I've got an odd one and I'm hoping some of the SQL gurus can help me.
Windows Server 2008 R2
Microsoft Failover Clustering
Microsoft SQL 2008 R2
FAS 3160 w/ 7.3.6 (igroup ALUA enabled, MS DSM)
32- 600GB SAS disks in 2x 16 disk rg's: 79% utilized/provisioned.
2x Cisco DS-X9148 4GB/s FC blades
HP BL460c G7 w/ FC expansion card and two passthrough switches.
DBA contacted me concerned because she's seeing disk latency >10s (not ms, sec!) in perfmon for the last 3m. I was a little surprised as dfm sends me an e-mail any time there's >50ms of latency for 60s. I started digging into it and found a momentary spike up to 100ms when the performance problems started. Then things settled down: ~15ms. For the next hour perfmon was consistently showing latency >10s but OnTap was showing 15ms or lower (average of 9ms.) This is a huge disconnect.
My first thought was he had an SFP flaking out but there's no sign of that in the HP, Cisco, or NetApp error logs.
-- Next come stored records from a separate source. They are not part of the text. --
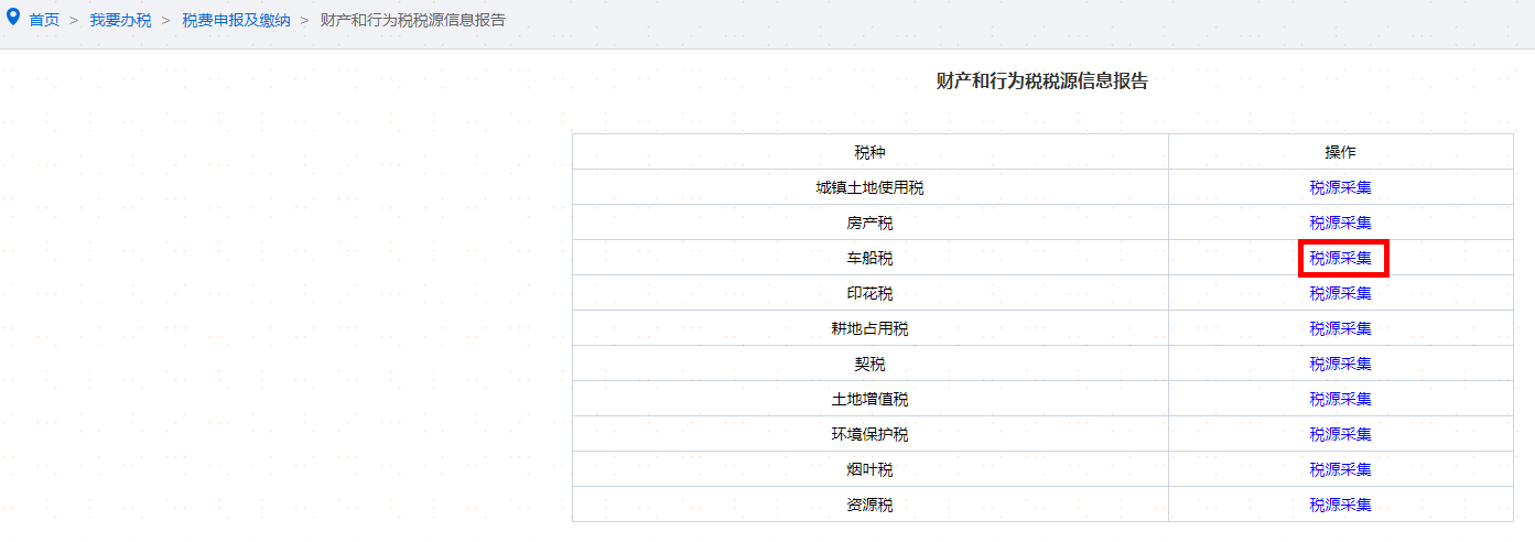 纳税人进入申报缴纳界面,点击财产和行为税税源明细报告进行税源信息采集,选择车船税,点击【税源采集】进行车船税税源信息采集。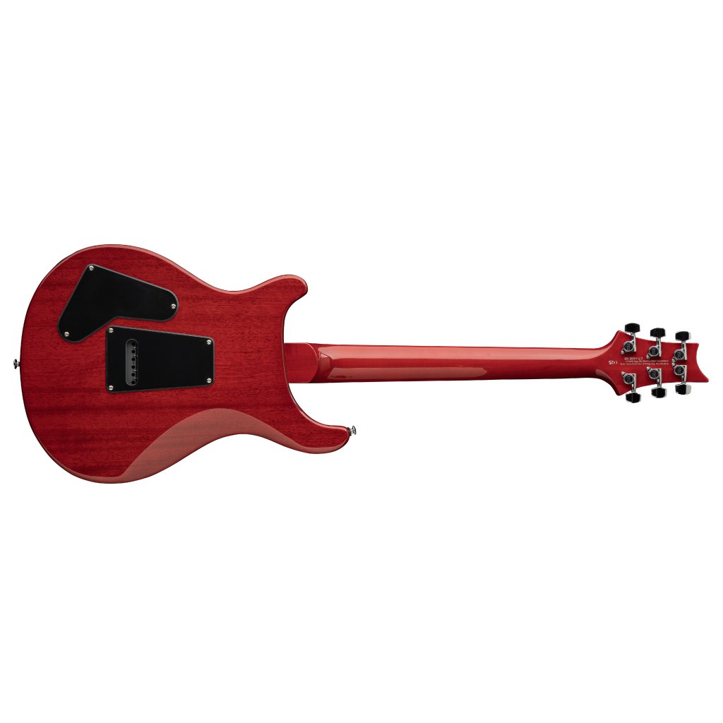 Mahagonové tělo kytary PRS SE Studio Charcoal Cherry Burst s typickým dvojitým PRS výřezem zdobí javorový top a efektní dýha z figurovaného javoru. Výřez Shallow Violin carve přibližuje kvalitou herní vlastnosti nástroje k dražším americkým modelům série Core. K javorovému krku s profilem Wide Thin je přilepen palisandrový hmatník osazený dvaadvaceti pražci. Orientaci na hmatníku usnadňují PRS polohové značky v podobě ptačích siluet.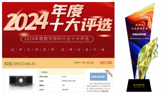 在數(shù)字視聽網(wǎng)的“2024年度十大評選”中,科視Christie也表現(xiàn)出色。全新Jazz系列DWU2400-JS 1DLP激光投影機憑借先進的電子技術和震撼的視覺效果,榮獲“十大新銳投影機產(chǎn)品”殊榮。這一獎項充分體現(xiàn)了科視在創(chuàng)新、性能和市場適應性方面的出眾表現(xiàn)。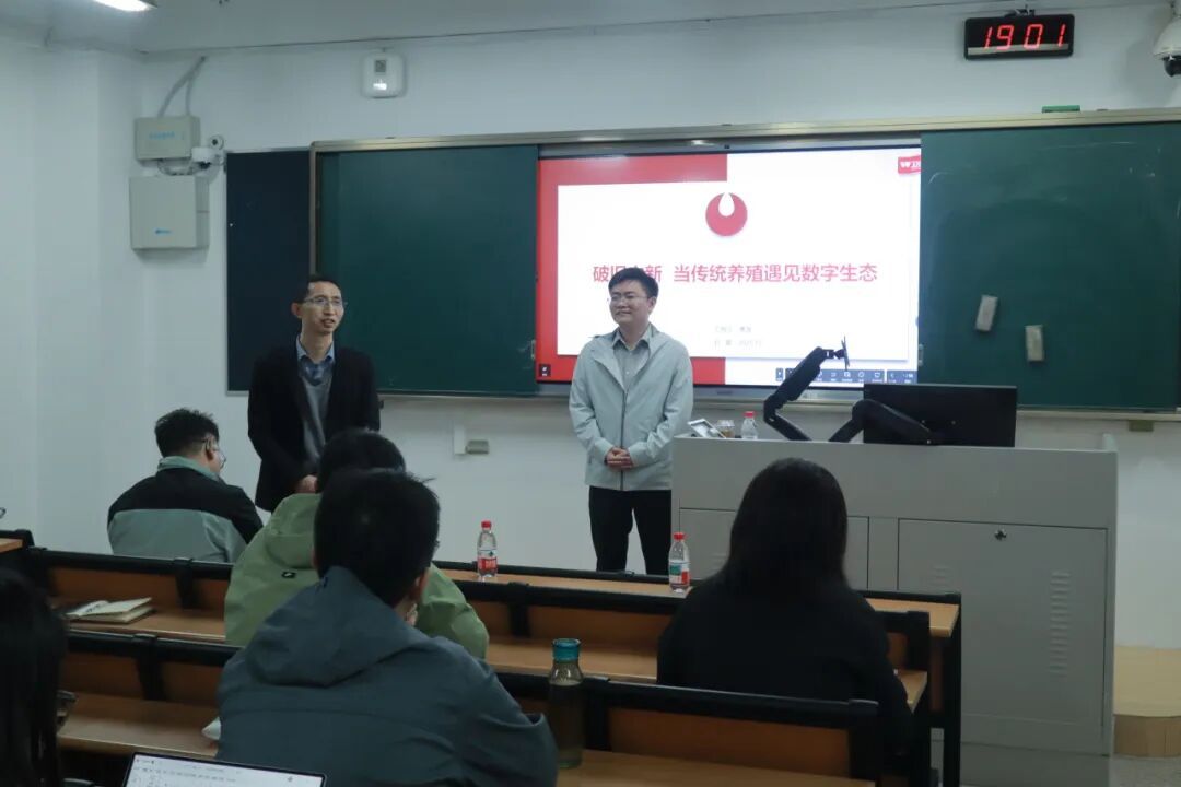 2025年11月15日晚,南京农业大学“现代奶牛生产与饲养管理”专硕学位公开课暨规模化牧场奶牛健康养殖技术培训在卫岗校区教学楼A206成功举办。本次讲座由南京农业大学研究生院、动物科技学院主办,反刍动物营养与清洁化生产中心、动物科技学院研究生会分会承办,申军士副教授主持。卫岗乳业副总裁、南农杰出校友兼校外指导教师唐波应邀主讲,以“破旧立新:当传统养殖遇见数字生态”为主题,与现场师生共同探讨奶业数字化转型的实践路径。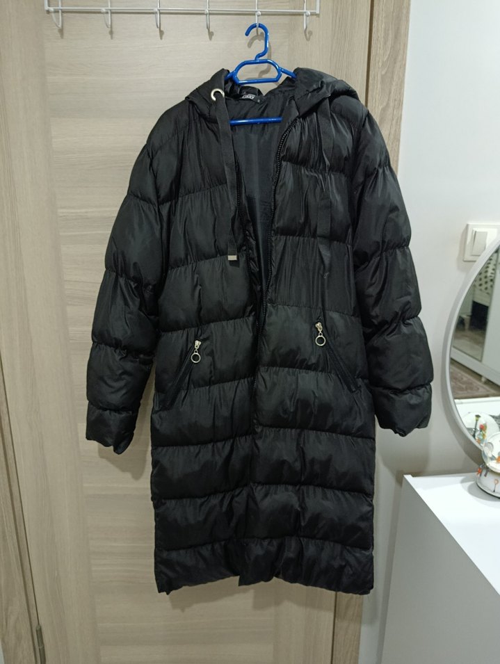 Siyah uzun kışlık mont, fitted kesim ve yaka detayına sahip. Fermuarlı cepleri ve yumuşak, sıcak kumaşıyla günlük sokak stiline uygun.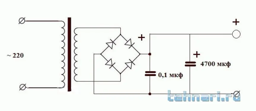 Просто трансформатор? А выпрямитель? Но это еще пол беды..... Источник питания здесь ДВУПОЛЯРНЫЙ!!!! А вот что это такое убедительнейше прошу изучить сей вопрос самостоятельно, иначе конструктивного диалога у нас не получится. В общем случае его схема выглядит так:
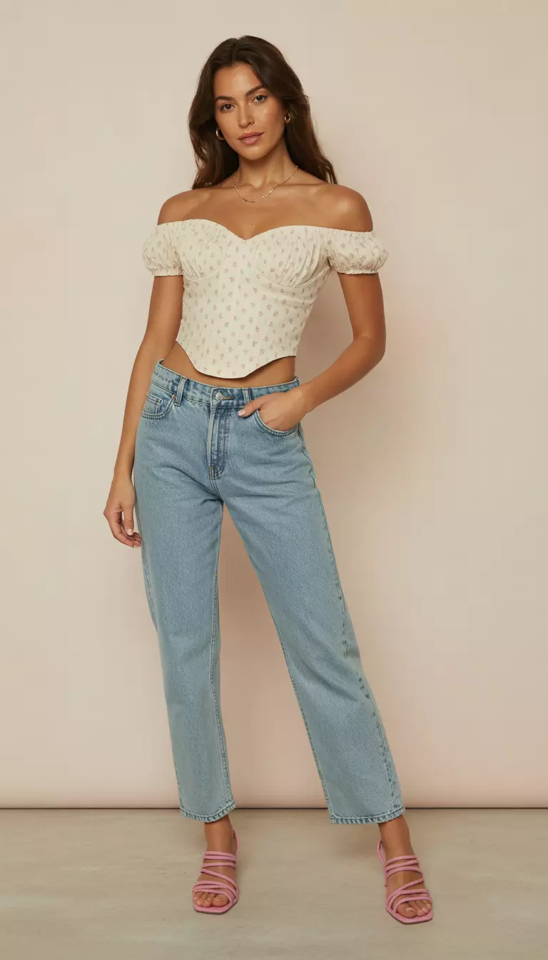 A white knit cropped sweater paired with light blue high-waisted jeans feels fresh and youthful.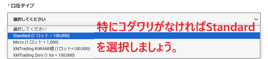 「口座タイプ」も特にコダワリが無い、もしくは初心者の方は「Standard(1ロット=100,000)」を選択しましょう。Standardタイプでも小額元金で取引は可能なのでご安心ください。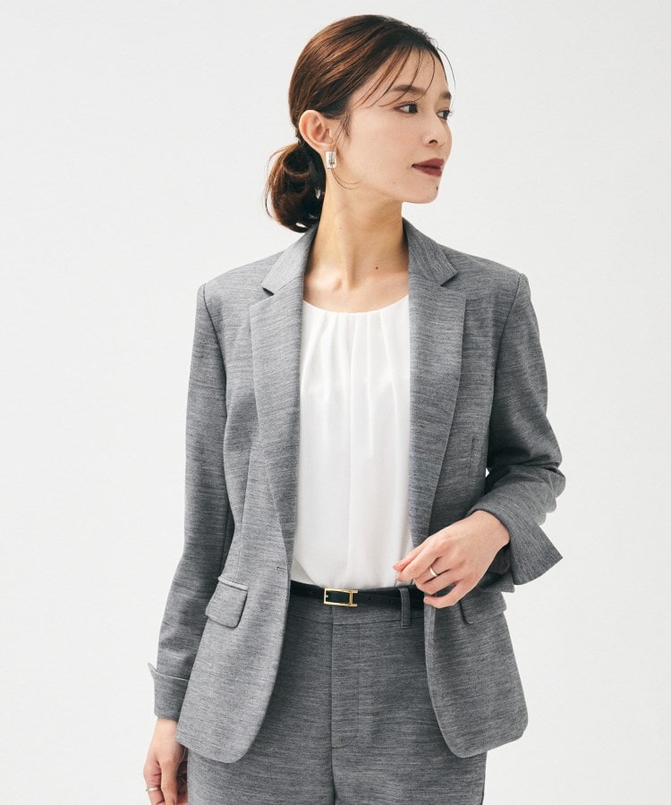 【デザイン】秋冬定番のジャージ素材のテーラードジャケットは、クラシックなデザインをベースにしながら、現代的な機能性と快適さを兼ね備えた一着です。シルエットはスタイリッシュでありながら、動きやすさを考慮した設計となっています。【素材感】秋冬定番のジャージでのスーツ素材を今シーズンはリニューアルしています。ウォッシャブル対応の防縮ウール糸と特殊ナイロンを交編し、極限まで度目を詰めて編む事で、よりシャープで綺麗な目面に仕上げています。また、後加工で更に特殊な織物風防縮加工を施す贅沢な工程をへる事により、縮率の安定、洗濯後の表面変化も崩れにくく、布帛ライクなのが特徴。天然素材でありながらテクニカルな生地で、ジャージであるリラックス感を持ちながらも、布帛のような仕立て映えとエレガントさをも併せ持った拘りの素材になります。【着こなしポイント】同素材のノーカラージャケット(商品番号:153-44503)、テーパードパンツ(商品番号:153-64502)、マーメイドスカート(商品番号:153-74502)の展開です。【仕様】・ポケット数:横×2 内側×1・裏地:総裏仕立て※照明の関係により、実際よりも色味が違って見える場合があります。また、パソコン・スマートフォンなどの環境により、若干製品と画像のカラーが異なる場合もございます。

I did have a number of "B" (back to back) CP's at the time but no "b" (deferred). NetApp CPU was around 60% utilized (that's average across the four cores, not the level of the highest core that for some reason sysstat still shows by default.)
So, if anyone has any ideas on why MS perfmon shows >10s latency but OnTap is recording <15ms I'd appreciate it.
What Ontap counters are you using to monitor latency, and is it read or write latency that spiked? I am guessing it was write latency?
I dont like seeing either CP types of B or b in sysstat. Out of interest are there other aggregates on this filer or only the 32- 600GB SAS disks? Do you monitor latency from a host perspective on other hosts that are using this filer? Maybe check it out in the ESXi (if you using it) historic performance stats for the time this occurred.
I do have a ticket open with NetApp support, they're digging through some perfstats I ran. I thought I'd ping the community to see if anyone has seen this before.
Some more information, SQL is reporting "SQL Server has encountered X occurrence(s) of I/O requests taking longer than 15 seconds to complete on file [%path%] in database [%name%]. The OS file handle is %hex%. The offset of the latest long I/O is %hex%.
I'm still really weirded out on why perfmon would show >10s of latency while ontap is showing <15ms of latency.